Naess’s flea anecdote (above), a vital illustration of his thought, brings us to the most important difference between his ecosophy T and the ecosophy of Felix Guattari.  Naess calls for an expansion of the self via identification (“Self-realization”), whereas Guattari (and Deleuze) valorize autopoietic processes that perform a dissolution of the self via disjunction (“becoming-other”).  In other words—in a Guattarian reworking of the flea anecdote—I would not look for elements of the flea that remind me of myself; rather, I would receive the flea in its alterity and encounter aspects of the fleas that are completely different from myself, so as to “become-flea”: to introduce the flea’s manner of existence into the way I think and live.  (Deleuze and Guattari on becoming vs. identification: “Becoming is a rhizome, not a classificatory or genealogical tree.
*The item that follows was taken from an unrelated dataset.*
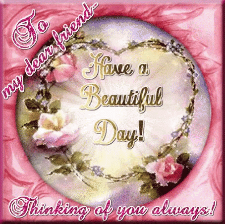A beautiful greeting card with a floral heart wreath, wishing a dear friend a beautiful day.

Becoming is certainly not imitating, or identifying with something…”)

Initially, the difference between Naess’s identification and Guattari’s autopoiesis may seem trivial.  This minor difference, however, actually lays out two divergent, even conflicting, paths for identity experience and subjectivity.  Consequently, an eco-humanities inspired by Guattari’s theory of ecology would look very different than the familiar Naessian project of Nature appreciation.  Naess is interested in ecology as a sort of deeper, more philosophical consideration of environmental problems; “the environment” that his ecosophy T addresses is generally synonymous with nature.  Guattari, on the other hand, abstracts ecology from environmentalism, generalizing it into a robust theoretical framework capable of addressing question including but not limited to environmental ecologies, for most of his book The Three Ecologies elaborates on “social ecology” and “mental ecology.”

While I hesitate to go into too much detail in this post, I will elaborate on one of the concepts that is crucial to Guattari’s ecosophy: nascent subjectivity.  At the end of The Three Ecologies, Guattari claims that we must, in responding to the “major crises of our era,” invent new practices conducive to an identity experience he calls “nascent subjectivity” (45).  What exactly is nascent subjectivity? Why does Guattari place such a high premium on it? And how would this nascent subjectivity put us in a better position to address contemporary ecological realities?  By Deleuze and Guattari’s configuration, in contrast to the Cartesian cogito, an individual’s thoughts do not constitute the full measure of his being.  The subject is less the product of his own thought and more the residue of the social machinery in which he directly and indirectly participates, for the boundaries of “private” thought are drawn through the sociohistorical apparatus (an emergent assemblage of desiring-machines).  In many ways, Guattari’s thinking on nascent subjectivity can be seen as an extension of his earlier writings with Deleuze on the notion of the “residuum subject” (see chapter 1 of Anti-Oedipus).  In The Three Ecologies, Guattari specifies some of the obscurities of Anti-Oedipus; in particular, the earlier image of the individual-as-residue is redrawn: the individual becomes a ‘terminal.’  Hence, one’s subjectivity is not only a by-product of forces operative in the three ecologies (mental, social, environmental); subjectivity is always already immersed in the flow of existential refrains or vectors.  The individual can no longer be seen separately.  To speak of an individual subject, natural as it seems, is to reinforce a reductive vocabulary of existence, which inhibits any actualization of “[a] collective and individual subjectivity that completely exceeds the limits of individualization, stagnation, identificatory closure, and will instead open itself up on all sides” (Three Ecologies 44).  Nascent subjectivity, then, is not an entity one can postulate once and for all; indeed, it is best described as a process whereby thinking emerges immanently in relation with the event, which it perpetually strives to encounter—or receive—in the manner of a rhizome.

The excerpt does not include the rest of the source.